◆ **Given records**
* * * * * * * * *

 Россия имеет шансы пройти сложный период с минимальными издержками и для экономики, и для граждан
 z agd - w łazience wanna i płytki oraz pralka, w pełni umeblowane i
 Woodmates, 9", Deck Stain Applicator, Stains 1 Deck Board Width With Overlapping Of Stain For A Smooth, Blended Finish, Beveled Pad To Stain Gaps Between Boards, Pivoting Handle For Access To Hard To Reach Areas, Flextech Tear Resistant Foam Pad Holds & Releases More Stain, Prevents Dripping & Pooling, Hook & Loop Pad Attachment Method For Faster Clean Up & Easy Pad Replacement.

* * * * * * * * *

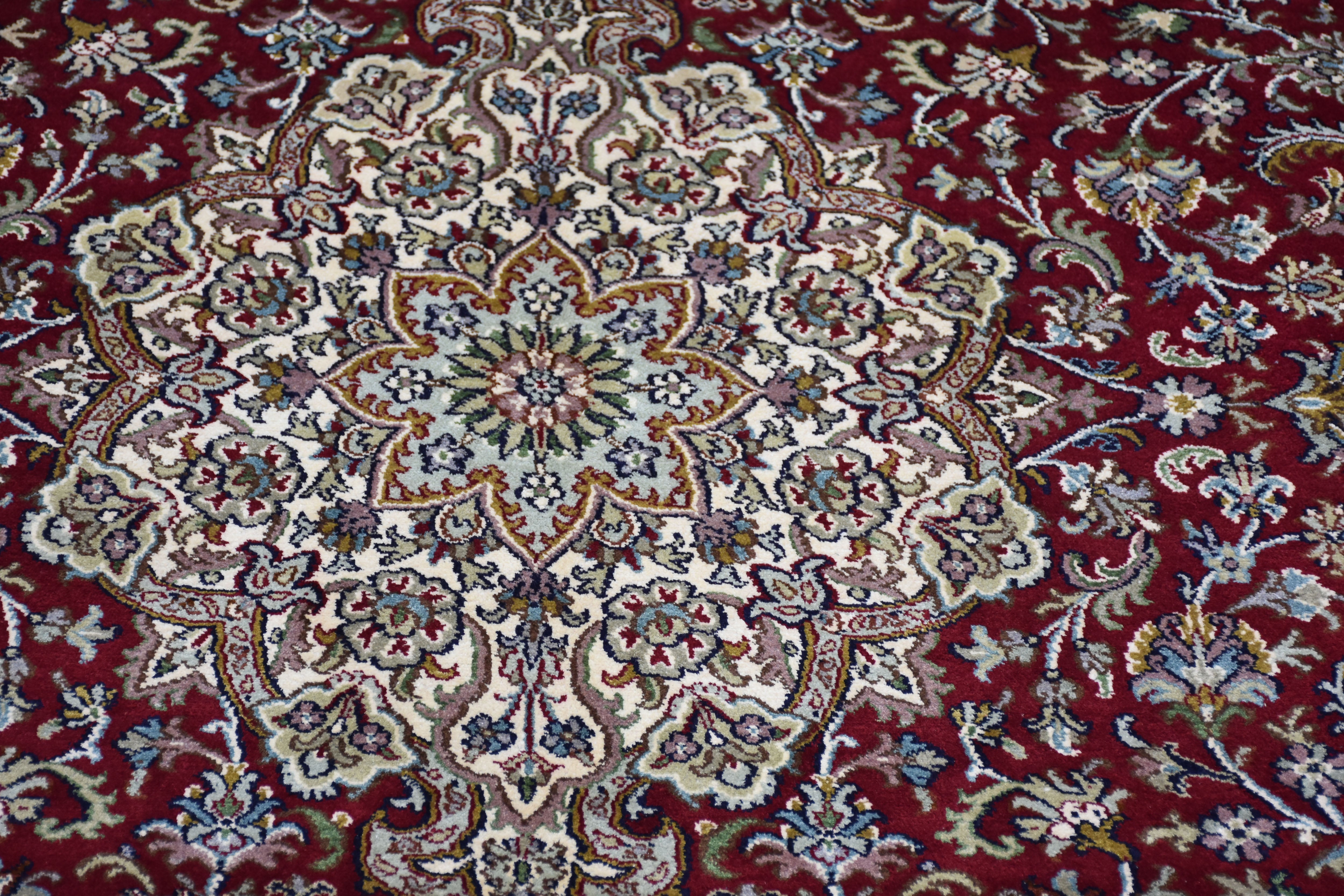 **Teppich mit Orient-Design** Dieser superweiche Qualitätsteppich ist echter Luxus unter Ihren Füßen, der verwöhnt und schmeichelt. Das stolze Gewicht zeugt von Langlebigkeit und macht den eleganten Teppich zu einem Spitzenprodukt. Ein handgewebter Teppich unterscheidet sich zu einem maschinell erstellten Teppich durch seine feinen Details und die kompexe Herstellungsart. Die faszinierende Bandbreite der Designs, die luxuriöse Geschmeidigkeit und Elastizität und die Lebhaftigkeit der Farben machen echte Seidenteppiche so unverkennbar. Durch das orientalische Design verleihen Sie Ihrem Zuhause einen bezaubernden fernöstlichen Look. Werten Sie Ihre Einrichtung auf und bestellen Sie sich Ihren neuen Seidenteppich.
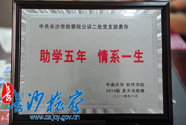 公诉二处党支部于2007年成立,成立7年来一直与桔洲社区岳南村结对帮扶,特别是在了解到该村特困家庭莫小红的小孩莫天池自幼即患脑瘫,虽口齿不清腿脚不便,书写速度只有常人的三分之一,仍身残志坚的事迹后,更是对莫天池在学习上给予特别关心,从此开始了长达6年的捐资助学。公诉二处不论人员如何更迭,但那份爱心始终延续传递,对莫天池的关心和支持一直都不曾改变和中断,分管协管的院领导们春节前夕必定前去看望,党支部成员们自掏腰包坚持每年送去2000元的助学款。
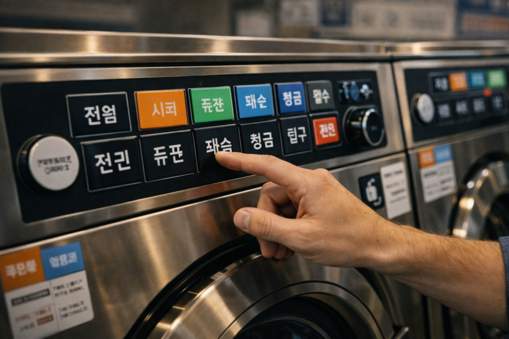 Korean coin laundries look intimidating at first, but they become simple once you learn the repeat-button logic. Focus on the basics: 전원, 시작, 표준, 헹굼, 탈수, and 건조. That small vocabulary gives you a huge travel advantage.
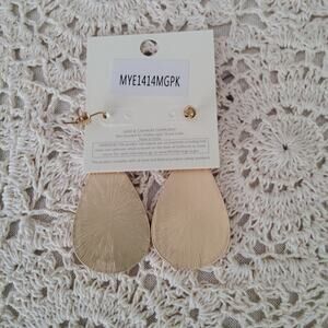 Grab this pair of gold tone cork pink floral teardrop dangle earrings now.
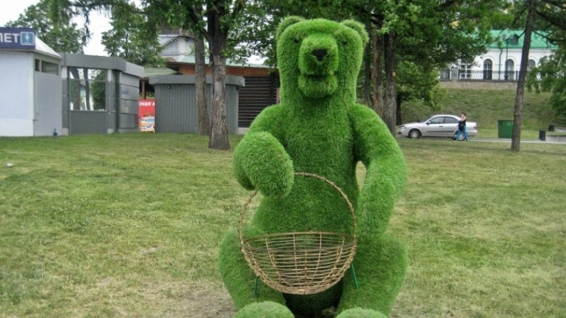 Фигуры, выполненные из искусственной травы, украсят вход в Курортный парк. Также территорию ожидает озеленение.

* * * * * * * * *

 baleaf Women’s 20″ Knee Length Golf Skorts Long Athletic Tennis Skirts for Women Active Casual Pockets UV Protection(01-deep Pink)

* * * * * * * * *

◆ **Activity**
Each line in the entries above, starting at the line with "z agd - w łazience" and ending at the line with "Easy Pad Replacement.", is to be printed exactly, and only those lines.

◆ **Finished task**
 z agd - w łazience wanna i płytki oraz pralka, w pełni umeblowane i
 Woodmates, 9", Deck Stain Applicator, Stains 1 Deck Board Width With Overlapping Of Stain For A Smooth, Blended Finish, Beveled Pad To Stain Gaps Between Boards, Pivoting Handle For Access To Hard To Reach Areas, Flextech Tear Resistant Foam Pad Holds & Releases More Stain, Prevents Dripping & Pooling, Hook & Loop Pad Attachment Method For Faster Clean Up & Easy Pad Replacement.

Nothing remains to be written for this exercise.